The data →
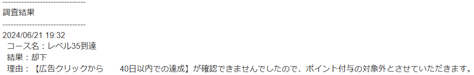 で、期限ギリギリにレベル35になったのですが、承認されず、お問い合わせしても却下されました
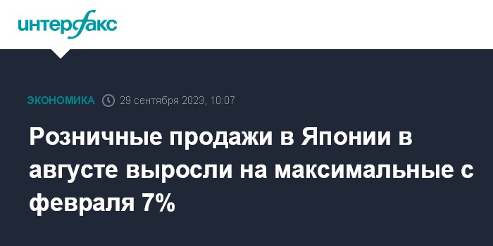 Розничные продажи в Японии в августе выросли на максимальные с февраля 7%
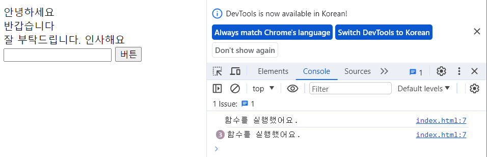 - 버튼이 클릭되었을 때 안쪽 코드가 실행된다.
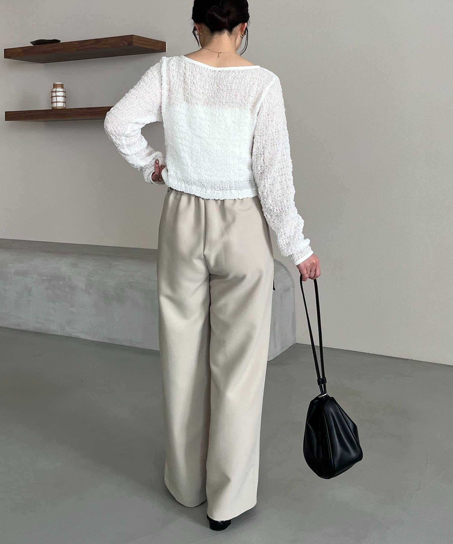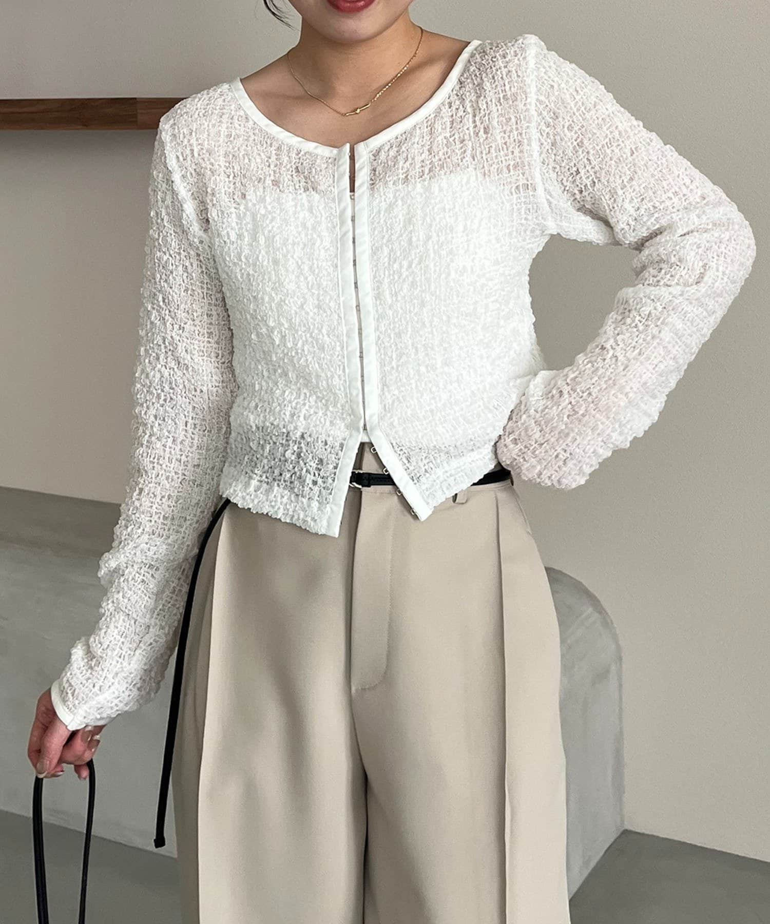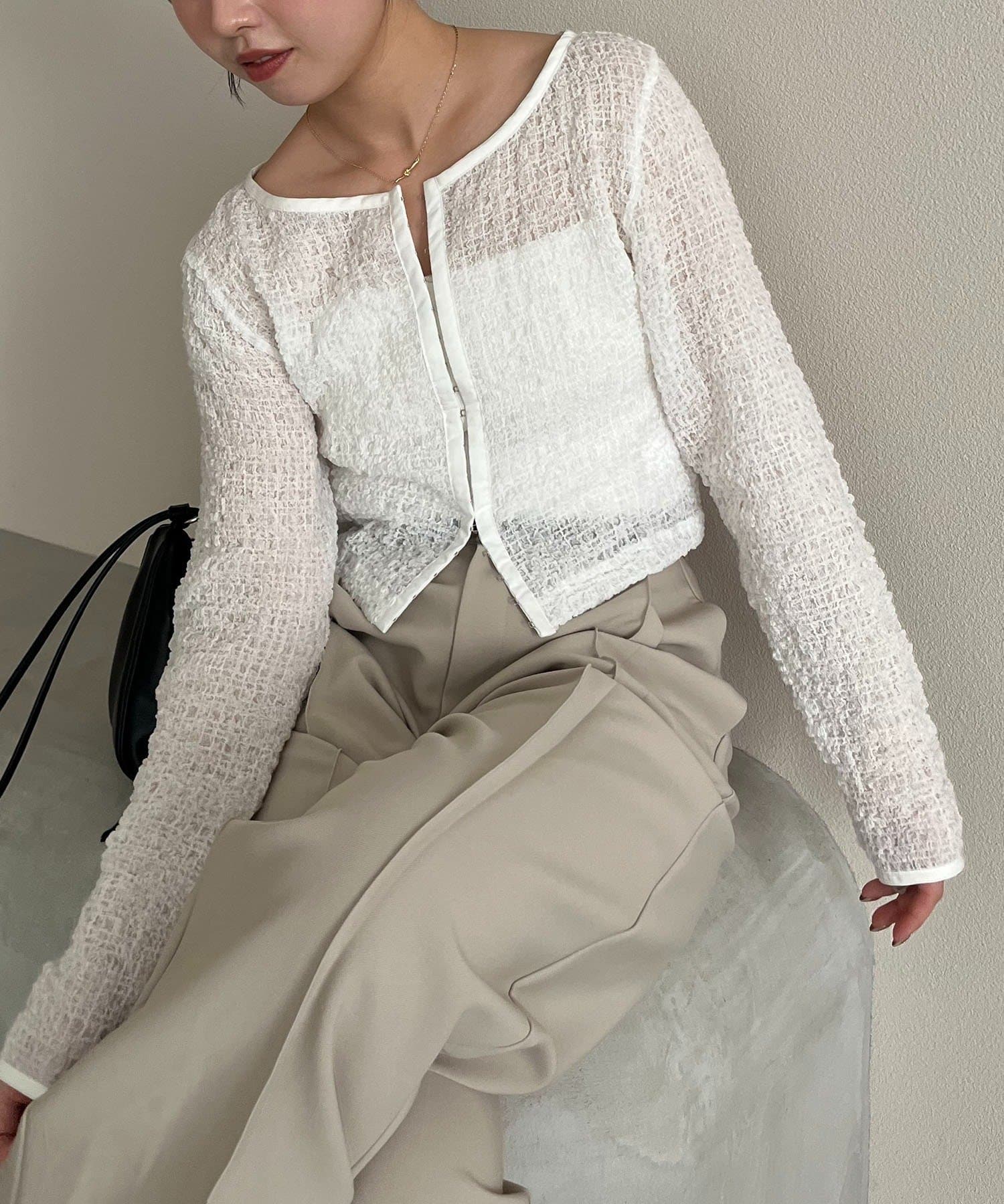 程よく透け感のあるジャガード生地が春らしい印象に。

Aim of the exercise → Exclude the images and output the lines above exactly.

Answer area →
 で、期限ギリギリにレベル35になったのですが、承認されず、お問い合わせしても却下されました
 Розничные продажи в Японии в августе выросли на максимальные с февраля 7%
 - 버튼이 클릭되었을 때 안쪽 코드가 실행된다.
 程よく透け感のあるジャガード生地が春らしい印象に。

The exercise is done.